Theory of Writing & Writing Portfolio

Technical Details

For this assignment, describe your theory of writing. Using the key terms and strategies, describe what you believe it is important to know about writing. Then, describing your writing process and your writing for this semester, describe how what you believe about writing shapes your writing. Use examples from your work for this class, for other classes, or, if useful, your non-academic life to demonstrate this relationship between theory and practice.

Frame your theory of writing as a narrative—what did you believe about writing coming into this class, and how has that theory changed with each assignment? If there were any significant events that had an impact on you—a certain assignment, comments from peers and instructors, or something else—use that event as a way to shape your narrative. What is different about how you write now? Be sure to describing writing that took place outside this classroom—your theory of writing should be expansive enough to shape your writing across multiple contexts.

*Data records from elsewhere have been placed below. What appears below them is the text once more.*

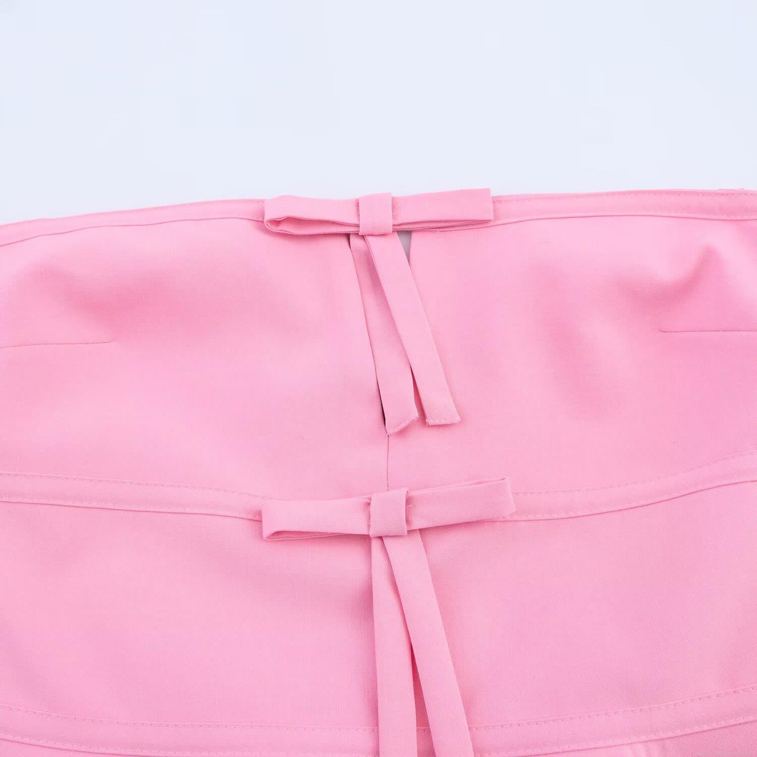 • Women's Pink Polyester Bow Decorated Tube Top Sweet Strapless Peplum Slim Fit Crop Top for Party Dating Summer
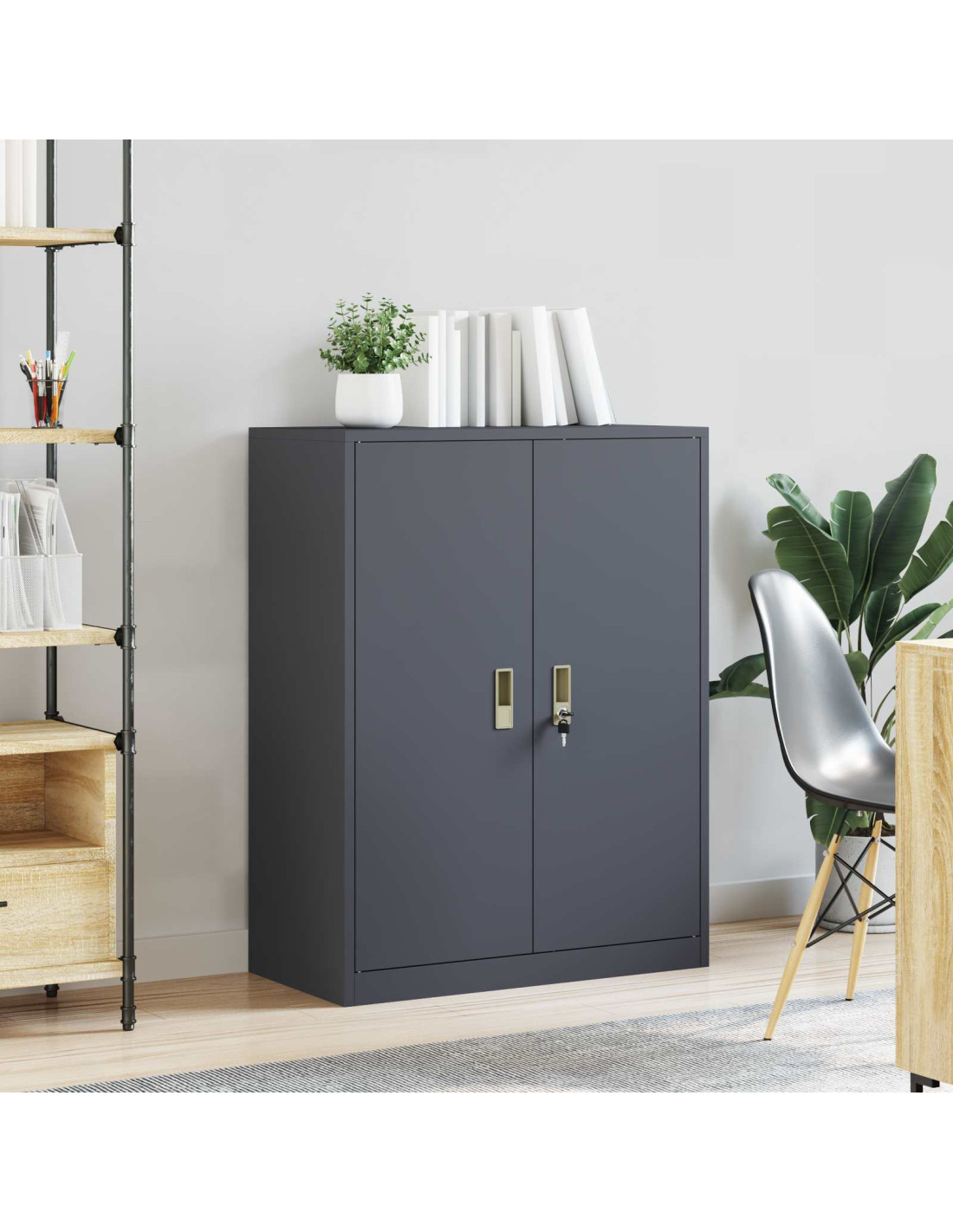 - Costruzione in Acciaio Solido Questo armadio è fatto di acciaio robusto, garantendo durata e stabilità. Resistente all'usura quotidiana negli uffici, il suo design moderno si adatta perfettamente a qualsiasi ambiente di lavoro.
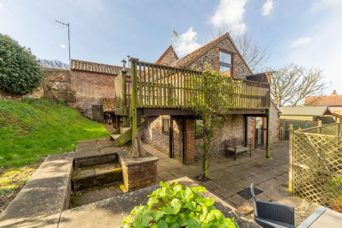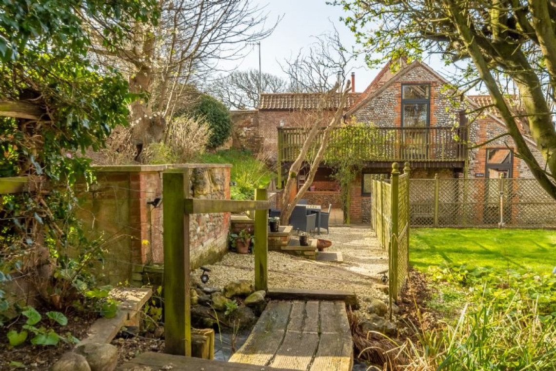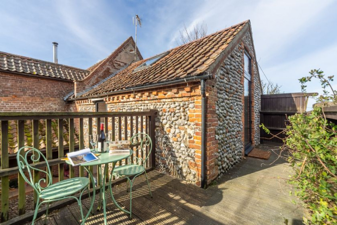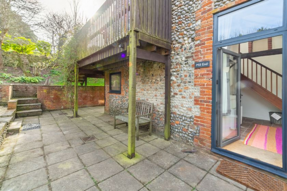 As the name implies, Mill End forms part of a converted water mill (and still has the mill stream running through the garden) and retains many character features, with beams, vaulted ceilings and traditional Norfolk pamment flooring. To take full advantage of the distant views and private nature reserve, the open-plan living area with balcony is on the first floor with the two bedrooms (double and twin) and bathroom on the ground floor. The cottage's interior has colourful furniture and furnishings creating a contemporary, bright and fresh Scandi-style, which complements the building's character and brings it to life. The garden is a lovely spot to enjoy a relaxing afternoon and the first floor balcony is just perfect for watching the sun go down with a glass of wine.
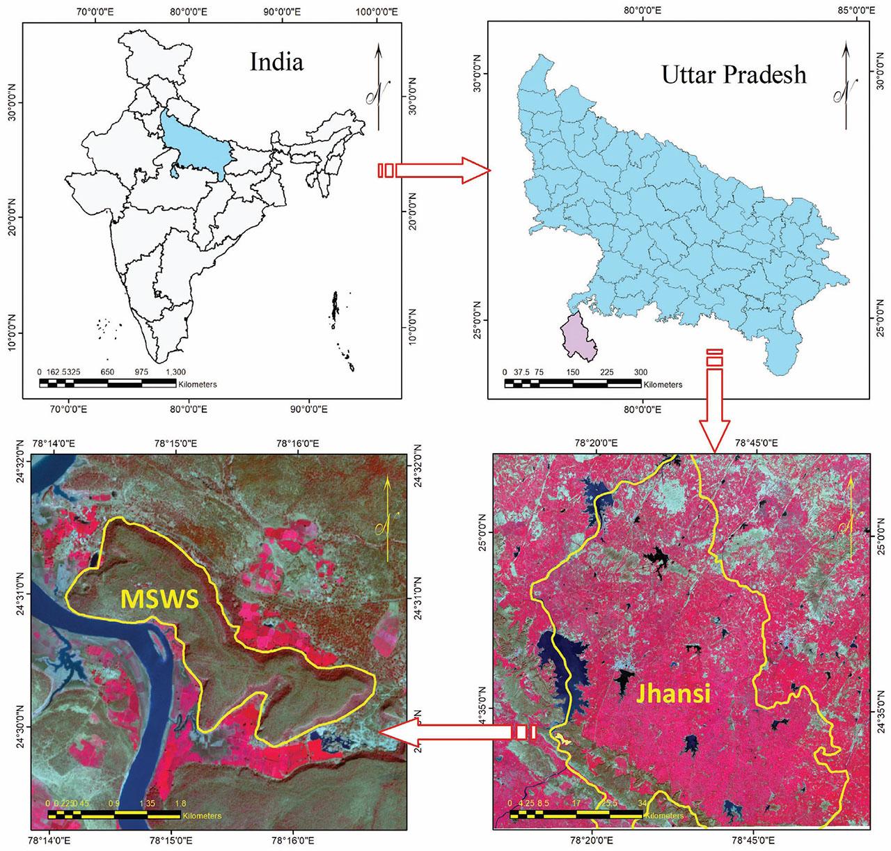 Field measurements, GeoEye-I and Pleiades-1A images were used to estimate above-ground biomass and total carbon stock. Six vegetation indices, namely ratio vegetation index (RVI), normalized difference vegetation index (NDVI), normalized difference greenness index (NDGI), vegetation index number (VIN) and transformed vegetation index (TVI) were used to estimate the carbon stock and biomass of the forest. Log-log, linear and semi log models were used to determine the appropriate indices for biomass estimation. They found that the applied methodology is suitable for accurate AGB estimation in a small region. Previous work on carbon assessment is based on elementary statistical studies and is less precise. Multi-temporal and spatial satellite databases with improved analytical algorithms have led to a reliable assessment of carbon and land use. Assessing the biomass of tree species is important to determine the structural aspect and conditions for their growth. The sustainability of forests also depends on the estimation of biomass. Therefore, allometric equations that consider morphological traits of forest species (tree height, crown diameter and DBH) are constructive in estimating forest biomass (Kebede & Soromessa, 2018). In this study, an attempt is made to collect data collection methods to assess forest management in Mahavir Swami Wildlife Sanctuary (MSWS), Lalitpur, UP, India using Sentinel-2A sensor data.
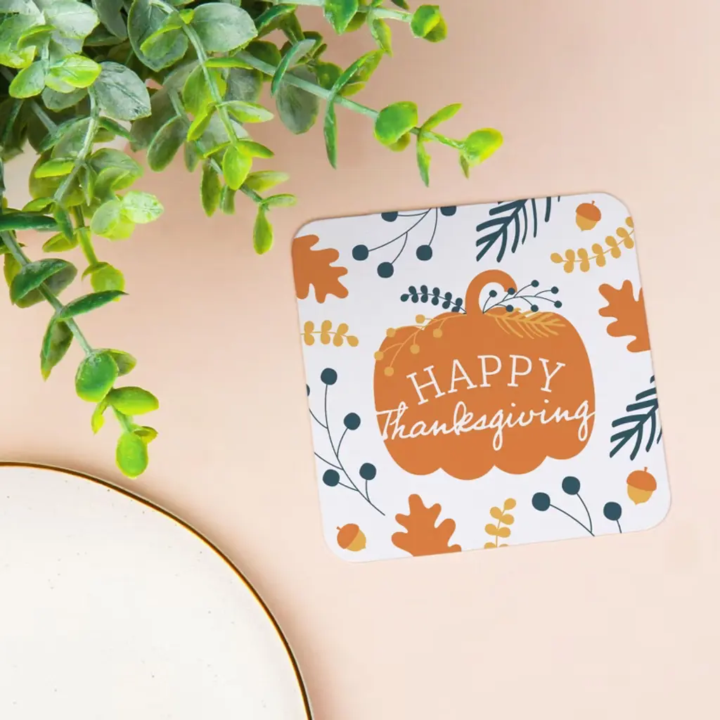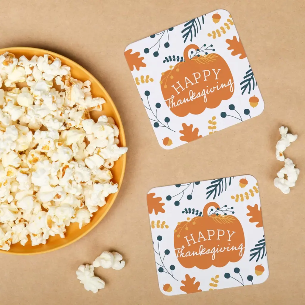 Disposable Drink Coasters for Thanksgiving: This set of 25 square white pulpboard coasters is the perfect blend of fun and function! Each 4-inch drink coaster adds personality to your Happy Thanksgiving party table while helping protect surfaces from spills and water rings. Designed for single-use, they’re great for gatherings big and small. Disposable Coasters for Fall Parties: Whether you’re serving pumpkin spice cocktails or cider, these stylish coasters bring festive flair to your drink station. Great for game day snacking, watching football, or sipping wine while waiting on the turkey. Coaster Gift Ideas: From Friendsgiving to fall dinner parties, these coasters make a fun and functional hostess gift! Pair with a bottle of wine or apple cider for an easy gift that’s ready to impress. Quality Disposable Coasters: Each Happy Thanksgiving coaster is professionally printed on one side and made from medium-thick 60 pt. white pulpboard. Lightweight yet absorbent, they’re a great disposable option for beer coasters, coffee bars, or cocktail hour. Square shape fits most cups and glasses with ease. Made in the USA: Our Happy Thanksgiving Party Drink Coasters are designed and manufactured at our Wisconsin facility using paper that is proudly Made in the USA. WARNING: Prop 65 -- This product contains chemicals known to the State of California to cause cancer, and birth defects or other reproductive harm. For more information, go to www.p65warnings.ca.gov.
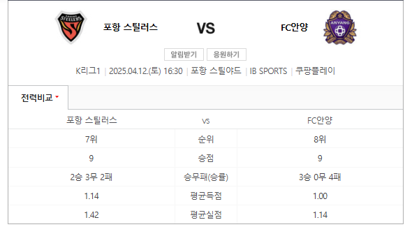 포항 스틸러스와 FC 안양의 경기가 2025년 4월 12일에 열립니다. 이번 경기는 K리그1의 중요한 대결로, 양 팀 모두 승리를 위해 최선을 다할 것입니다. 이번 포스팅에서는 경기의 전반적인 분석과 예측을 해보겠습니다. ⚽️
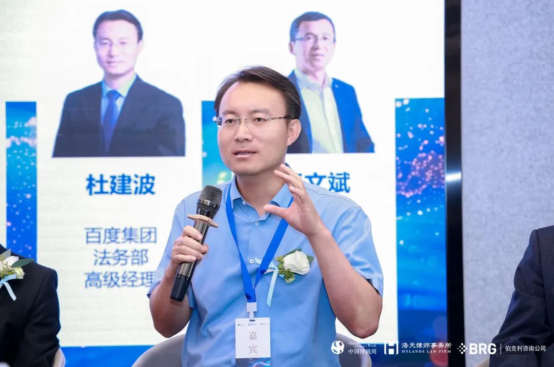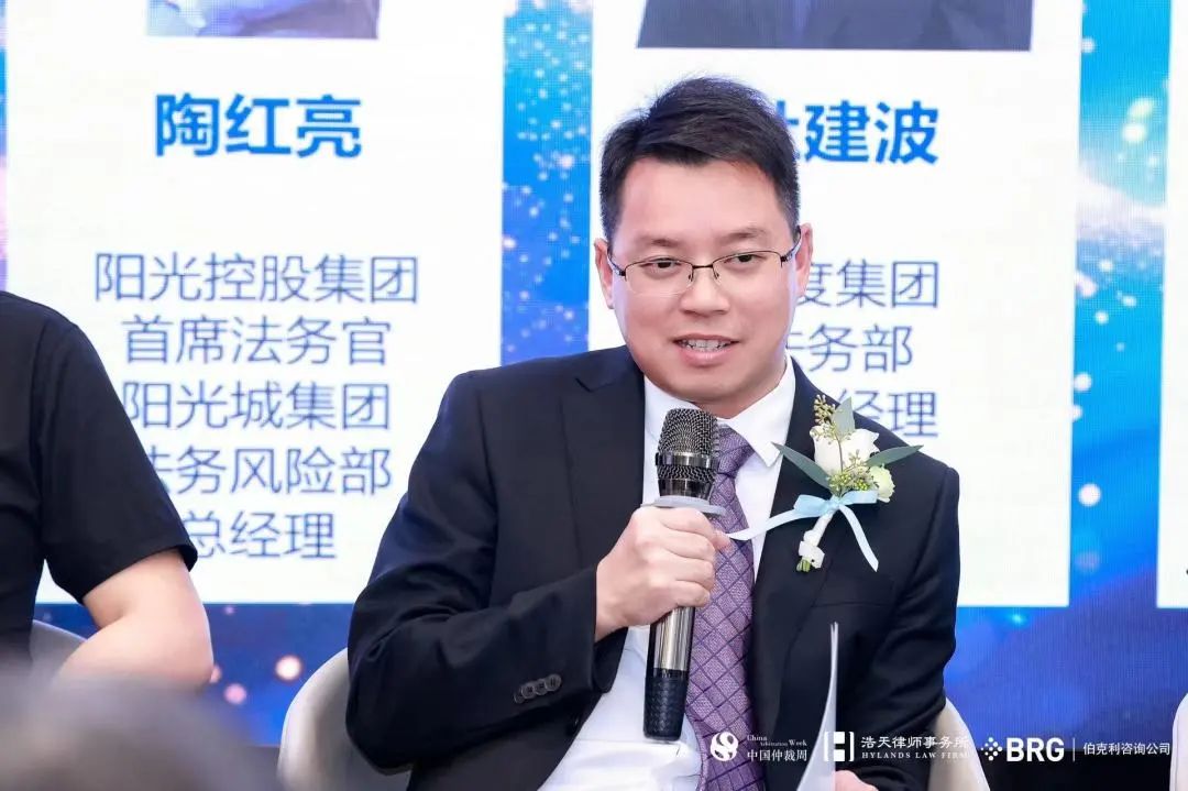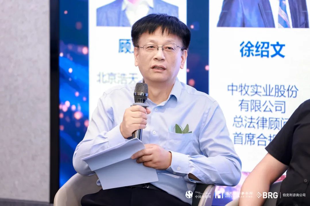 在圆桌讨论环节,与会嘉宾分别围绕“新公司法背景下的股东/公司权利保护”和“公司类争议案件中的实务热点问题”展开了深入交流。圆桌讨论(一)以“新公司法背景下的股东/公司权利保护”为主题,由北京浩天(上海)律师事务所高级合伙人顾正平律师主持,嘉宾包括中牧实业股份有限公司总法律顾问及首席合规官徐绍文、中智集团法务合规与审计部副部长周治成、阳光控股集团首席法务官、阳光城集团法务风险部总经理陶红亮、百度集团法务部高级经理杜剑波、维美德(中国)有限公司法务总监王文斌。
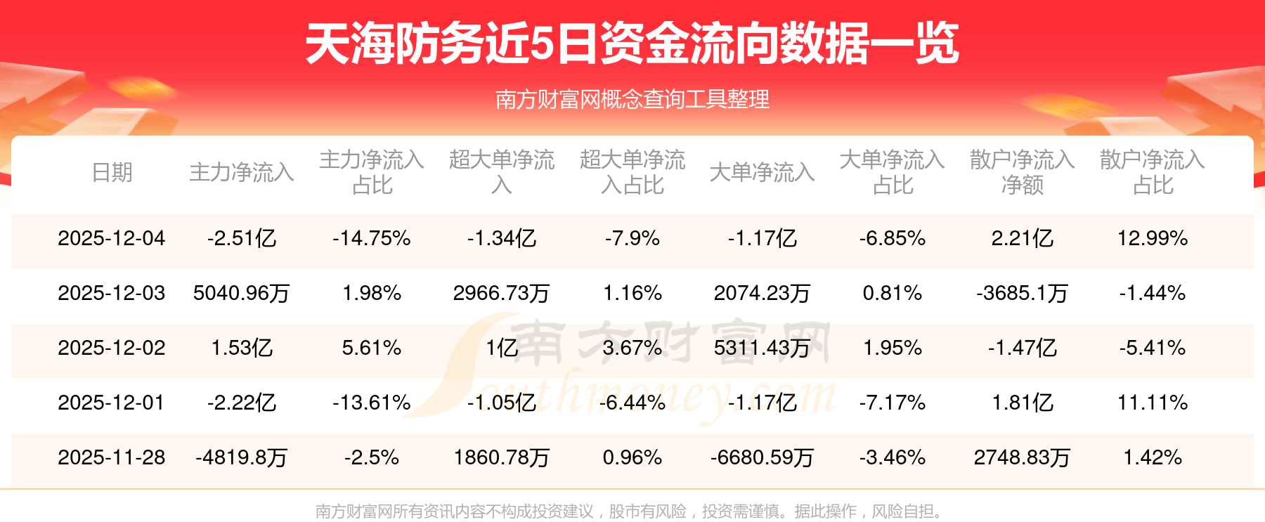 12月4日消息,天海防务主力资金净流出2.51亿元,超大单资金净流出1.34亿元,散户资金净流入2.21亿元。

This final reflection is an opportunity for you to demonstrate your increased knowledge in writing—the practices of writing, the key terms, and any specific skills you’ve acquired.

Goals

Through your application of key rhetorical terms—rhetorical situation, audience, author, tone, purpose, genre, medium, stance, and language—you have been developing your theory of writing and exploring how it informs your practice of writing. We have also engaged in several writing strategies—brainstorming, peer review, and revision. As a result of your work with these rhetorical concepts and writing strategies, you have had the opportunity to create a knowledge base of writing and its practices.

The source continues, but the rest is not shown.